To do:
In the entries that follow, find the line containing "- As of 2026, the" and the line containing "Kenji and Jack", then copy exactly everything from the first through the second except the pictures.
[Opening Supplied records section]
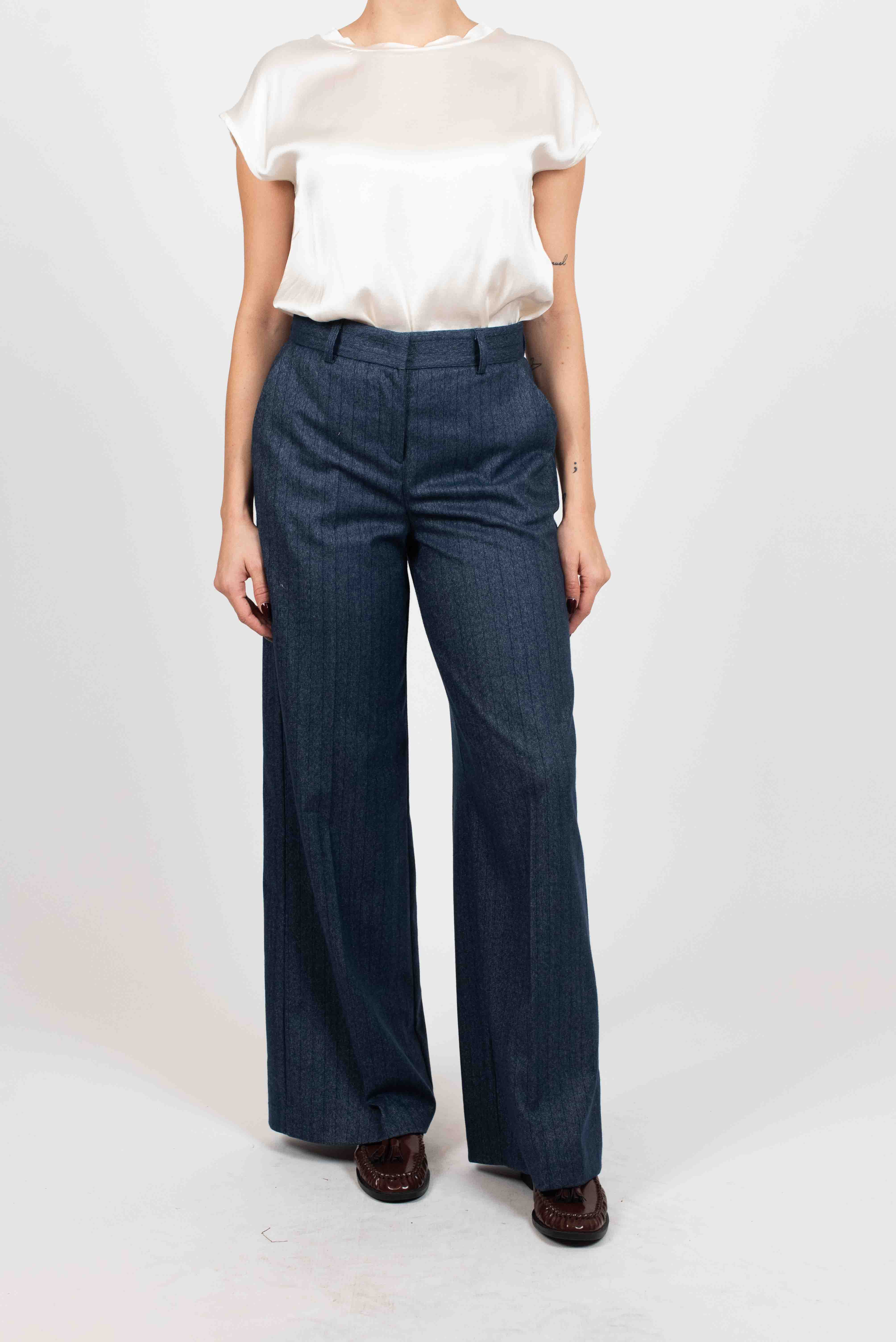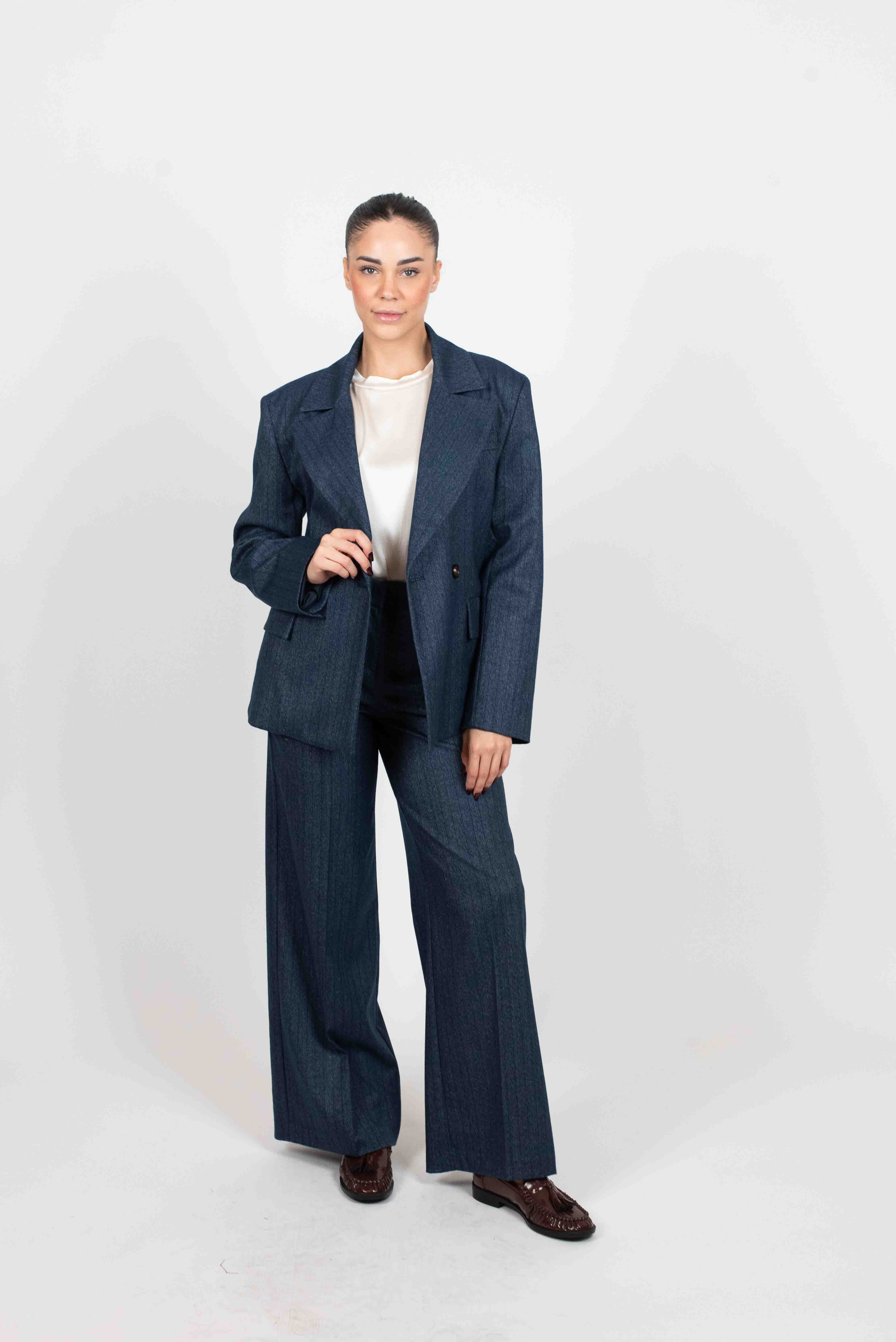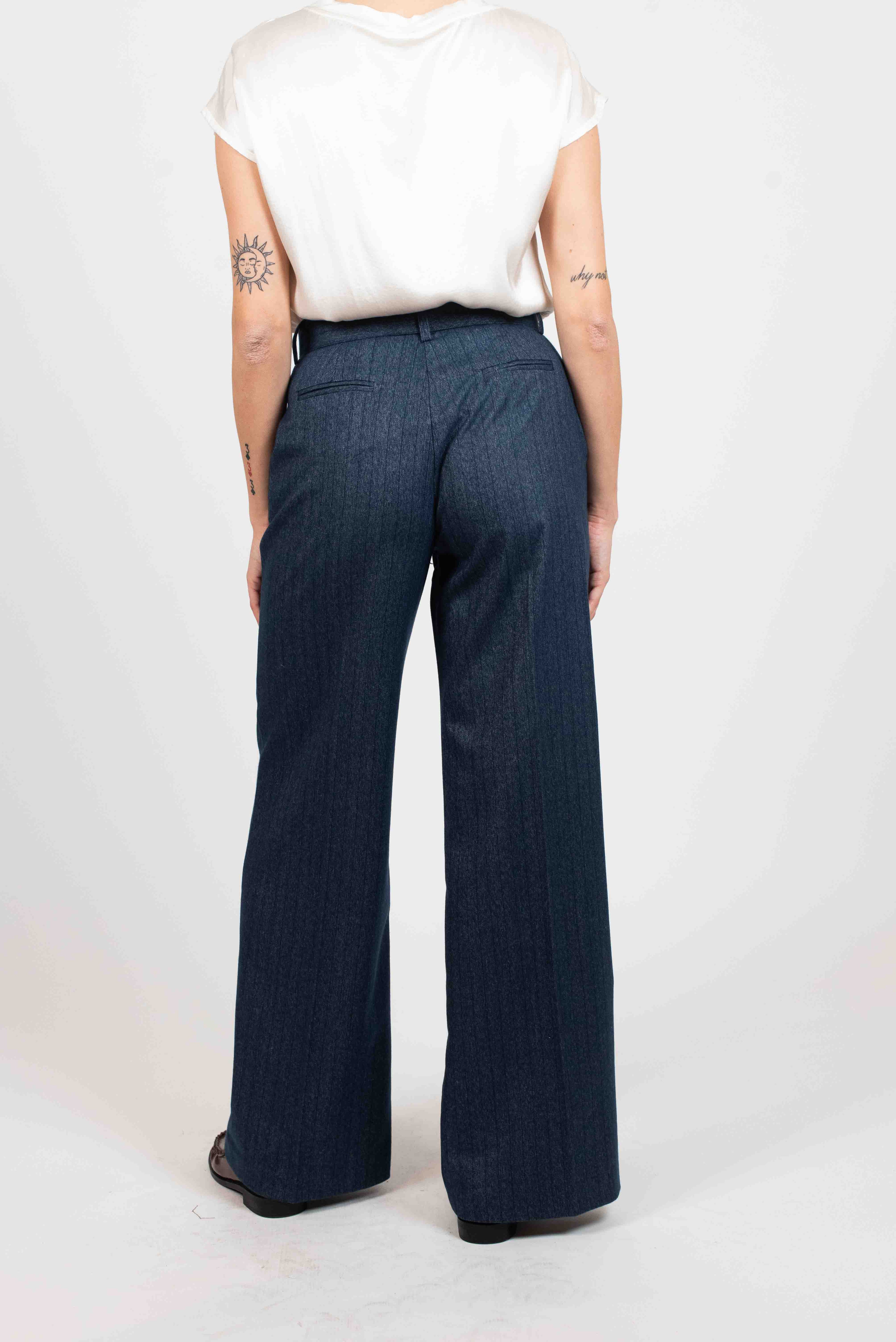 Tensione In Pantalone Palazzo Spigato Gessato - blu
[Closing Supplied records section]
[Opening Supplied records section]
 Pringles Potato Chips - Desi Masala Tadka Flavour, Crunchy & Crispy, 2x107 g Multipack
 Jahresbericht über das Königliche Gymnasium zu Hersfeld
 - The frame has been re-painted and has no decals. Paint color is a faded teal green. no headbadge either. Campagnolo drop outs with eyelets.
[Closing Supplied records section]
[Opening Supplied records section]
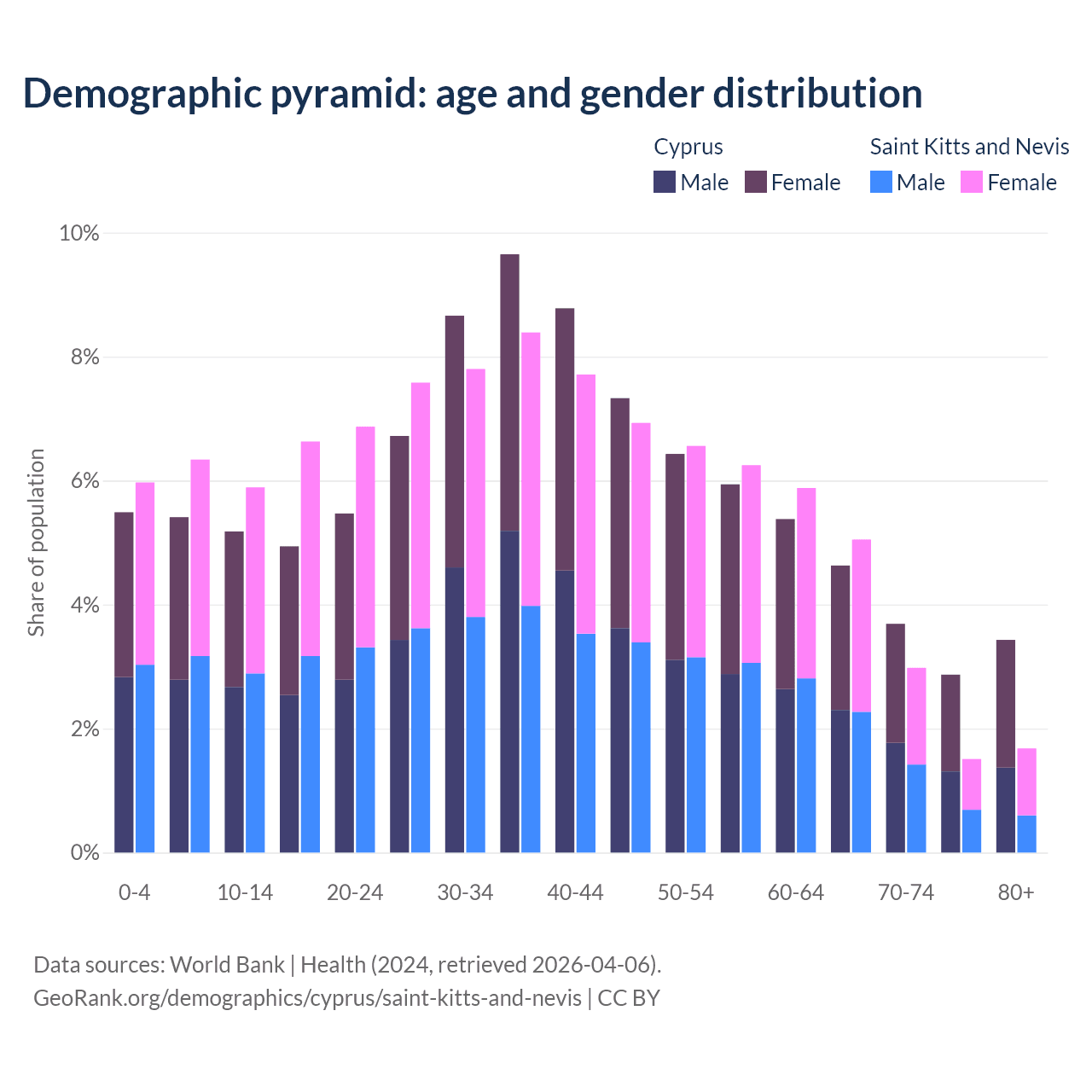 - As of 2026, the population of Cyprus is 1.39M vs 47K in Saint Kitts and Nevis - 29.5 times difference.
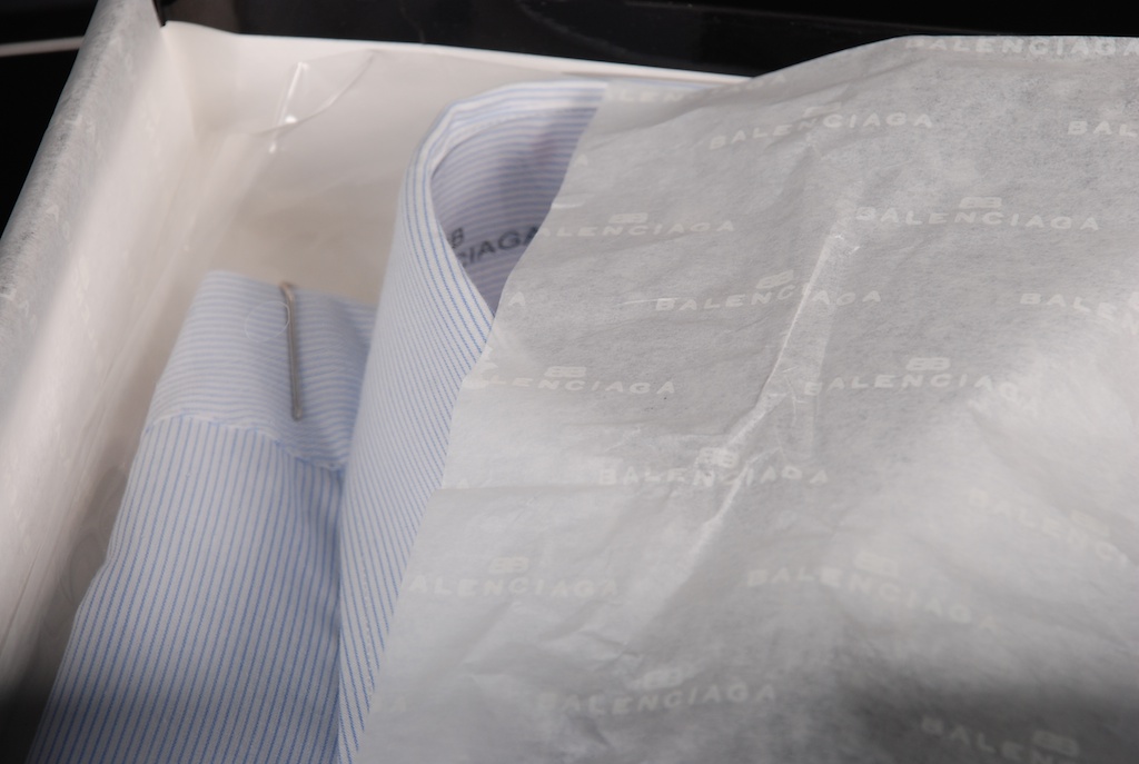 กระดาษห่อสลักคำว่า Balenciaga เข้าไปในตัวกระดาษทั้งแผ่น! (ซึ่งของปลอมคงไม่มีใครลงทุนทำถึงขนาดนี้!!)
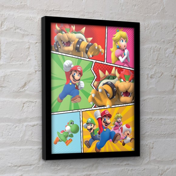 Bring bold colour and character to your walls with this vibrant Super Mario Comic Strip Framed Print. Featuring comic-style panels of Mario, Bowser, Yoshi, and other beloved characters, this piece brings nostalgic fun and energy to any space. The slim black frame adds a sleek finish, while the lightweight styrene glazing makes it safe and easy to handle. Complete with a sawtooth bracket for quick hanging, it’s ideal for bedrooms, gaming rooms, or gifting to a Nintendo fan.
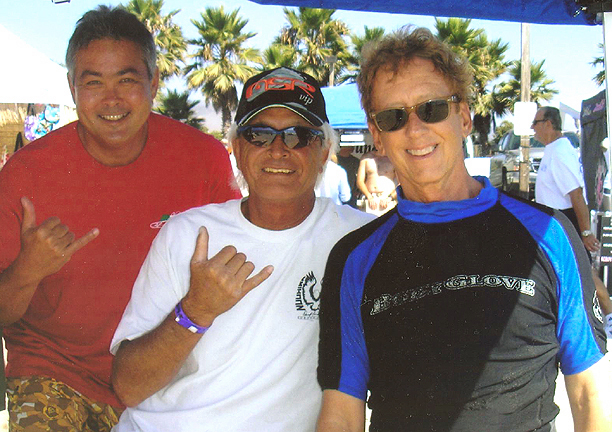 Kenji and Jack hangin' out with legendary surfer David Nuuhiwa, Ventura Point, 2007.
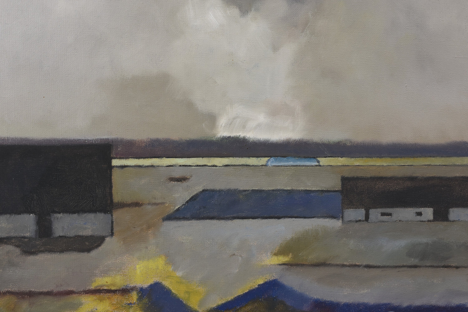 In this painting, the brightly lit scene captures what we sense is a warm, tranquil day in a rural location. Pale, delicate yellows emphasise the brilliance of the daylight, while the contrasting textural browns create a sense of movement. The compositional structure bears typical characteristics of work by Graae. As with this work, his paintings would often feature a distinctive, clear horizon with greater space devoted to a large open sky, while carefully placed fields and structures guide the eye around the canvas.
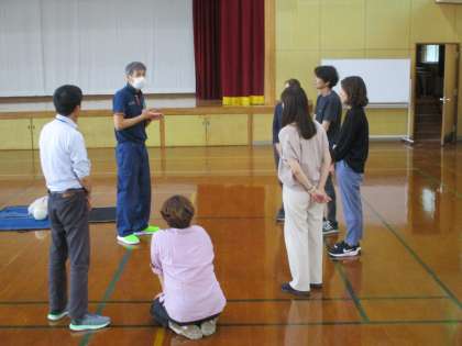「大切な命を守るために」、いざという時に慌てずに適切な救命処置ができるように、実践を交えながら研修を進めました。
[Closing Supplied records section]
Result:
 - As of 2026, the population of Cyprus is 1.39M vs 47K in Saint Kitts and Nevis - 29.5 times difference.
 กระดาษห่อสลักคำว่า Balenciaga เข้าไปในตัวกระดาษทั้งแผ่น! (ซึ่งของปลอมคงไม่มีใครลงทุนทำถึงขนาดนี้!!)
 Bring bold colour and character to your walls with this vibrant Super Mario Comic Strip Framed Print. Featuring comic-style panels of Mario, Bowser, Yoshi, and other beloved characters, this piece brings nostalgic fun and energy to any space. The slim black frame adds a sleek finish, while the lightweight styrene glazing makes it safe and easy to handle. Complete with a sawtooth bracket for quick hanging, it’s ideal for bedrooms, gaming rooms, or gifting to a Nintendo fan.
 Kenji and Jack hangin' out with legendary surfer David Nuuhiwa, Ventura Point, 2007.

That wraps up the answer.